Posted to users@tomcat.apache.org by stevethames <st...@softlife.com> on 2007/03/02 17:06:55 UTC
log4j, fileappender, owner, group, and umask
I am using tomcat as a servlet server used by a mod_perl application running
under apache. I have setup log4j and log4perl to that both tomcat and the
Perl app can use the same log files. This all works fine.
The problem I'm having is when tomcat creates the log file. Does anyone
know how to set the log file owner, group, and permissions when FileAppender
creates the log file?
--
View this message in context: http://www.nabble.com/log4j%2C-fileappender%2C-owner%2C-group%2C-and-umask-tf3334405.html#a9272184
Sent from the Tomcat - User mailing list archive at Nabble.com.

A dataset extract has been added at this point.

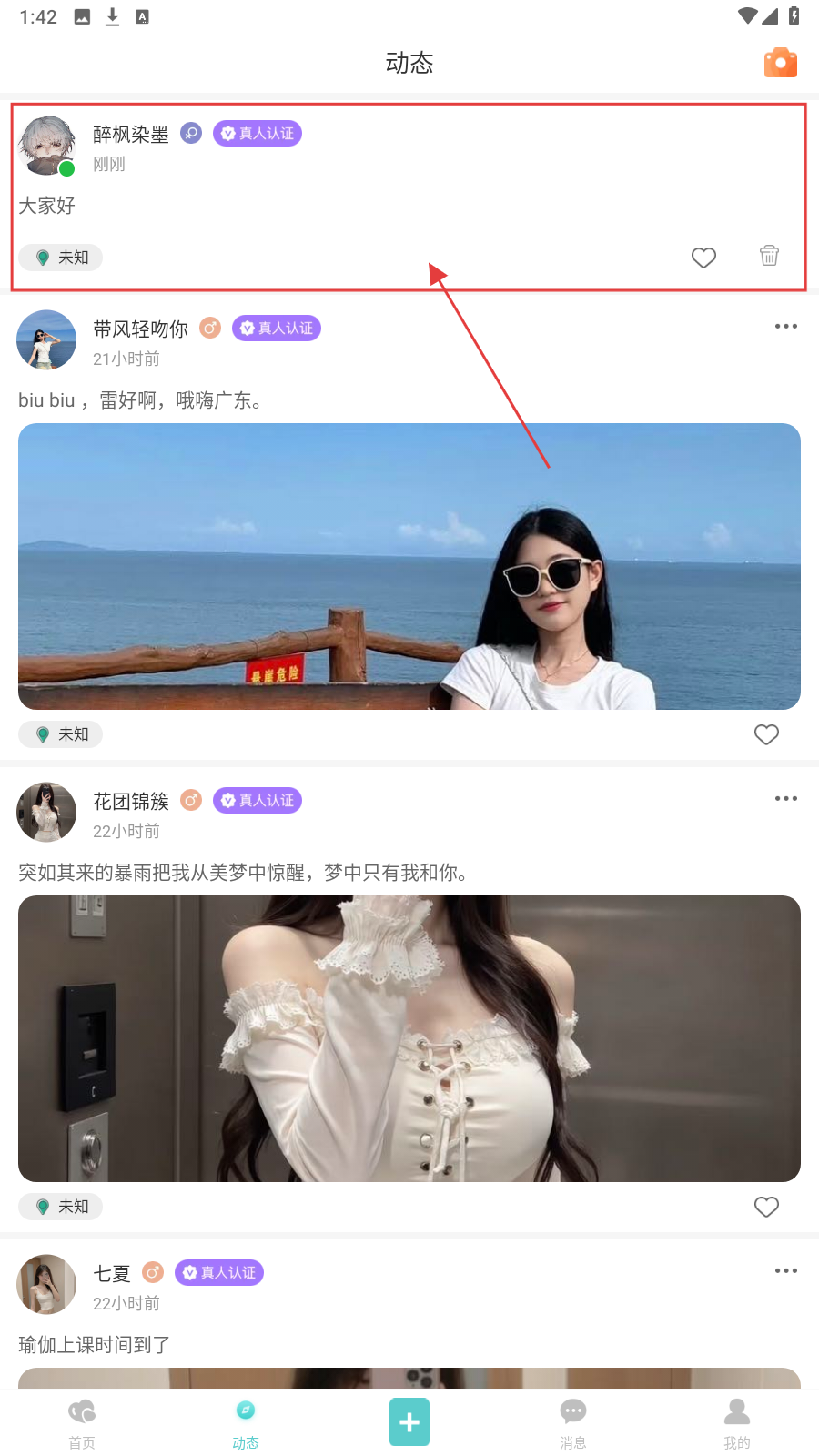 4、发布后,在【动态】页,可查看自己及他人动态,参与社交互动。

---------------------------------------------------------------------
To start a new topic, e-mail: users@tomcat.apache.org
To unsubscribe, e-mail: users-unsubscribe@tomcat.apache.org
For additional commands, e-mail: users-help@tomcat.apache.org
Re: [OT] log4j, fileappender, owner, group, and umask
Posted by stevethames <st...@softlife.com>.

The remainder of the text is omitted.